“是啊,是啊,聽說就是她報的警。”
“她一出現,肯定沒什麼好事。”
“沒錯,有其父必有其女。”
……
四周的竊竊私語演變成指指點點,我無疑又一次成了眾矢之的。不過,這些我早已司空見慣,我的眼裡只有林茂。
驀地,耳邊驟然響起痛徹心扉的哭聲,緊接著,一個巴掌毫無徵兆地落在我的臉上。
“死丫頭!為什麼死的不是你!為什麼死的不是你!”
那是我第一次見到林茂的媽媽,她蒼白的臉上有林茂的影子。
她撕扯著我的頭髮,將我狠狠推倒在地。
我不作聲,默默地承受著她的踢打和唾罵。
雨幕中,林茂溫暖的笑容逐漸模糊。越是看不清他的臉,我的心裡就越是悲涼。
終於,眼淚還是決堤而下。
我知道,那一去不復的年少時光,終究只能在回憶里遺憾落幕。
對不起。對不起。
02 離別之殤
十月的溫度,已經丟掉了悶熱,風不大,但還是輕而易舉地颳起了地上的落葉。
傍晚的天氣有些陰沉,這是大雨的前兆。
來到清源學院已經有一個多月的時間,這所學校的環境和它如此高雅的名字簡直天差地遠。
不過,我不在乎。
能逃離那個被流言充斥的小鎮,我在所不惜。
忘記是誰說過,在沒有能力面對之前,暫時的逃避未必不是件好事。於是,拿到高考志願的那天,我毫不猶豫地填上了清源學院的名字。
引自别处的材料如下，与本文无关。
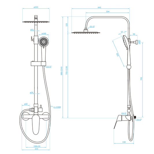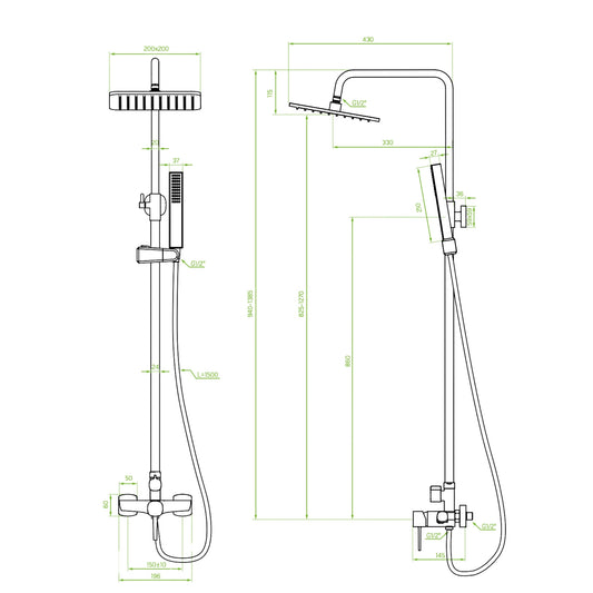 Sagra - Coloană de duș cu baterie, negru mat, PQR_70OB

因為,它離家最遠,也可以寄宿,對我來說,那便是最好的解脫。
媽媽拉著我的手,顫抖的聲音中透著小心翼翼:“箐箐,為什麼一定要去那麼遠的學校呢?選個近點兒的,媽媽也好照顧你啊。”
我嫌惡地甩開她的手,只冷冷地說了一句:“你真讓我噁心!”
之後,我便帶著簡單的行李獨自上了車。
我無法原諒她做出那樣丟臉面的事,就像林茂的媽媽無法原諒是我害死了林茂一樣。
為了和之前的生活劃清界限,我只帶了第一個學期的學費,其餘的,我並不打算伸手再問家裡要。
開學後的第二周,我在“玫瑰”咖啡店找了份兼職,每周二、四、六的晚上七點到十點上班。
咖啡店距離學校只有兩站路,老闆是個半禿頂的中年男人,看上去和藹可親。知道我是勤工儉學的學生,他特許我不用經過試用期便可以一直做下去。
我感激他的慷慨相助,雖然不過是端送咖啡的簡單工作,我也絲毫不敢有半點兒馬虎。